In order to group the data by sentiment, we need to join the tagged data back to the original data.

sentiment_data <- data %>%
  select(universal_message_id, sentiment)

data_joined <- annotations_merge %>%
  filter(tolower(token) == "copilot",
         dependency_tag == "nsubj") %>% # filter to where Copilot is the subject
  select(universal_message_id, sentence) %>%
  distinct(universal_message_id, sentence) %>% # only one row per sentence
  left_join(sentiment_data, by = "universal_message_id")

One thing to note is that we haven’t yet removed stop words from the data and this is something we will need to do before creating a sentiment term network.

Note

#Data Size Depending on the size of the dataset, this might be somewhere you could use furrr to remove stop words in parallel. See the parallel processing section for an example of how to do this.

data_joined <- data_joined %>%
  collect() %>%
  mutate(sentence_clean = tm::removeWords(sentence, tm::stopwords("en"))) %>%
  as_arrow_table()

When making the table there are some style options we can make, you can see the ParseR documentation for more detail.

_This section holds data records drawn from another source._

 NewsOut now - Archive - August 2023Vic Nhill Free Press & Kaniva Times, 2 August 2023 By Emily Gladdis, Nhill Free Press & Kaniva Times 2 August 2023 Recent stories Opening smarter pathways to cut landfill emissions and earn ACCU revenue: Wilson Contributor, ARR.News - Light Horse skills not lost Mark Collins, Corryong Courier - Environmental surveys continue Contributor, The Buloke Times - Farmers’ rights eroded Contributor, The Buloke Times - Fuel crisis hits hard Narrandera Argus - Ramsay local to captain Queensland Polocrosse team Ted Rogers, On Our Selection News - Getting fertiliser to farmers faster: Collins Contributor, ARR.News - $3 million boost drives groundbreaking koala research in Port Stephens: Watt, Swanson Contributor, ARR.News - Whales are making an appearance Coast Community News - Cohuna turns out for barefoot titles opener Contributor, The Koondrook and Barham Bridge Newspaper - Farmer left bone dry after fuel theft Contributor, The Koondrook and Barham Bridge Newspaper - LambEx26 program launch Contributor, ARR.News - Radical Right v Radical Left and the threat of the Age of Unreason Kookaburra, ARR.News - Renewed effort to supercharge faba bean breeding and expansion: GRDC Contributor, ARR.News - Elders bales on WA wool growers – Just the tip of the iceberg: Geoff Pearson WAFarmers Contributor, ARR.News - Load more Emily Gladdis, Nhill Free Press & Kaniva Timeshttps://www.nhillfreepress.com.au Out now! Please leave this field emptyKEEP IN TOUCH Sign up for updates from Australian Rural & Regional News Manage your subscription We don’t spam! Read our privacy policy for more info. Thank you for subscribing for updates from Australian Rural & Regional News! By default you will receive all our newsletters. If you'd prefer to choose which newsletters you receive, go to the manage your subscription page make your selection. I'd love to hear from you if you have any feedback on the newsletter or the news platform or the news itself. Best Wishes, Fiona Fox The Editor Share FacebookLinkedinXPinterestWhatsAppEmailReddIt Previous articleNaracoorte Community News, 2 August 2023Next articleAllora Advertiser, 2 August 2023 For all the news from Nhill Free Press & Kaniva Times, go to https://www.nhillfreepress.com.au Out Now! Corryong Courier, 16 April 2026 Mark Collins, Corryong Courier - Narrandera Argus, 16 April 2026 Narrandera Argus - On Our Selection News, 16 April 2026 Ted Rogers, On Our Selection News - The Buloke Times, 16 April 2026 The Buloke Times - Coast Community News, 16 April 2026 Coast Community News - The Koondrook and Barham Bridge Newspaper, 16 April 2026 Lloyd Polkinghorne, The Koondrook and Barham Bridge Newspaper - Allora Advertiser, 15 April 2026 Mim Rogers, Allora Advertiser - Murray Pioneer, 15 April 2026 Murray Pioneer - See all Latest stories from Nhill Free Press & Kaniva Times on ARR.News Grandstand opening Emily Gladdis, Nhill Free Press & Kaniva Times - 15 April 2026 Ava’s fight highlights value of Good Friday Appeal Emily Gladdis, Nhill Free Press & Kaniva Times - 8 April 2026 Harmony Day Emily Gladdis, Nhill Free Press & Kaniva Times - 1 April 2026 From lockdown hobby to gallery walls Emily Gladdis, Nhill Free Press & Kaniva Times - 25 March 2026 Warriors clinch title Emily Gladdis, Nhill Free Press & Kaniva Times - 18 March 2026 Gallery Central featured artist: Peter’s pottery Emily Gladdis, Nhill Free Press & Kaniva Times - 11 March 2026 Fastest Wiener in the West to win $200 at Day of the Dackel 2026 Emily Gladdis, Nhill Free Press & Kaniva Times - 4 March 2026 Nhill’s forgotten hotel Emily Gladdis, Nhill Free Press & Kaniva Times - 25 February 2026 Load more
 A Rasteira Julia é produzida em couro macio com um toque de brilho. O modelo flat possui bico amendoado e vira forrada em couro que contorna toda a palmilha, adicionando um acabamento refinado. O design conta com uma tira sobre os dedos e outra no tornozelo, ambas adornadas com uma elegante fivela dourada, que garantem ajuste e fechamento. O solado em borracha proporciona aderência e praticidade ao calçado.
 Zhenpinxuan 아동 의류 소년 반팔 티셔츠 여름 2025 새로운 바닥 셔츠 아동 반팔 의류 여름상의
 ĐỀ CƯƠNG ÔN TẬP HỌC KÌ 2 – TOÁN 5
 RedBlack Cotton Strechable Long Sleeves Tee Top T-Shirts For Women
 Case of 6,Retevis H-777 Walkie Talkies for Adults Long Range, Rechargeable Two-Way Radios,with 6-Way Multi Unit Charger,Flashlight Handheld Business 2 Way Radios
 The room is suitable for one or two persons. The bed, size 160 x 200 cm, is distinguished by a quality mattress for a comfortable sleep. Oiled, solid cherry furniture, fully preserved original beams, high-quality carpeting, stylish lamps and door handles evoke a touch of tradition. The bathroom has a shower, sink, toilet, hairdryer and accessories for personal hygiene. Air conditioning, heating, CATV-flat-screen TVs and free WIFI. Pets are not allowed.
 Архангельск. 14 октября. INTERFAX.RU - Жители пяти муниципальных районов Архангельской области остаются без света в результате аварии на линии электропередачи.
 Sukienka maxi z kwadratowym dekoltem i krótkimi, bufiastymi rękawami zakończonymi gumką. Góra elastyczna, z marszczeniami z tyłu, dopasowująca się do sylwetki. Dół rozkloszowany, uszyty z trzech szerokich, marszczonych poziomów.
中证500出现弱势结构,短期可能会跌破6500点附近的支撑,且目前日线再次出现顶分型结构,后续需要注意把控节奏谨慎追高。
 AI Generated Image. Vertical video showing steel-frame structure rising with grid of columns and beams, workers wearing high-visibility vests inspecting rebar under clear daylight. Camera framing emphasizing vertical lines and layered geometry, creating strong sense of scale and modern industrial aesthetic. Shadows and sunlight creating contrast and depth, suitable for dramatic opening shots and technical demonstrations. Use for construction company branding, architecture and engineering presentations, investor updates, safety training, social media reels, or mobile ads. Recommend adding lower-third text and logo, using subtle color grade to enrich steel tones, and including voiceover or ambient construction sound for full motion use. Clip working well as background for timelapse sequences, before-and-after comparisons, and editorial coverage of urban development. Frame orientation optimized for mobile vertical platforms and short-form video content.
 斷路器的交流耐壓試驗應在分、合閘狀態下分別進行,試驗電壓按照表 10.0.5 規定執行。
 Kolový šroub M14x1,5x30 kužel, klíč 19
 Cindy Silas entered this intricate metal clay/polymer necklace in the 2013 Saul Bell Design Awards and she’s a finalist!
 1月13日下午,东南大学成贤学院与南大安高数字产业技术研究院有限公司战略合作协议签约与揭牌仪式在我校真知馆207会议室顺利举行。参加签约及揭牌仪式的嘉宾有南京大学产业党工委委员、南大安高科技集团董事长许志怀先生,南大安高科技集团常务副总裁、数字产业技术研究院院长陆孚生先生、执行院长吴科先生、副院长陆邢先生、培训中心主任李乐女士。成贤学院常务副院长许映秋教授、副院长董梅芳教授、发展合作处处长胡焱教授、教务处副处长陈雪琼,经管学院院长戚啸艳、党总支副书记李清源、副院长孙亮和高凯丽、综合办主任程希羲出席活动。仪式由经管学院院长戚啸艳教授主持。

selected_terms <- c("NEGATIVE", "POSITIVE", "NEUTRAL",
                    "search", "windows", "msft", "microsoft",
                    "google", "github", "chatgpt", "copilot",
                    "gpt")

sentiment_colours <- c("NEGATIVE" = "#8b0000",
                       "NEUTRAL" = "grey45",
                       "POSITIVE" = "#008b00")

set.seed(12)
data_joined %>% 
    collect() %>%
    ParseR::viz_group_terms_network(group_var = sentiment,
                                    text_var = sentence_clean,
                                    n_terms = 20,
                                    text_size = 4,
                                    with_ties = TRUE,
                                    group_colour_map = sentiment_colours,
                                    terms_colour = "grey50",
                                    selected_terms = selected_terms,
                                    selected_terms_colour =  "black")

Note

I did look at creating this based on correlation but found that is was bringing less frequent, and sometimes spammy or irrelevant, terms to the forefront. For example there is an excel scooter which was obviously brought in within the Excel query and was not removed during my cleaning steps and so, while it was mentioned in only a small number of posts, there were various scooter related terms coming out in the correlation chart.

That said, I would be open to having another look at this or other statistical measures we could put to a term network.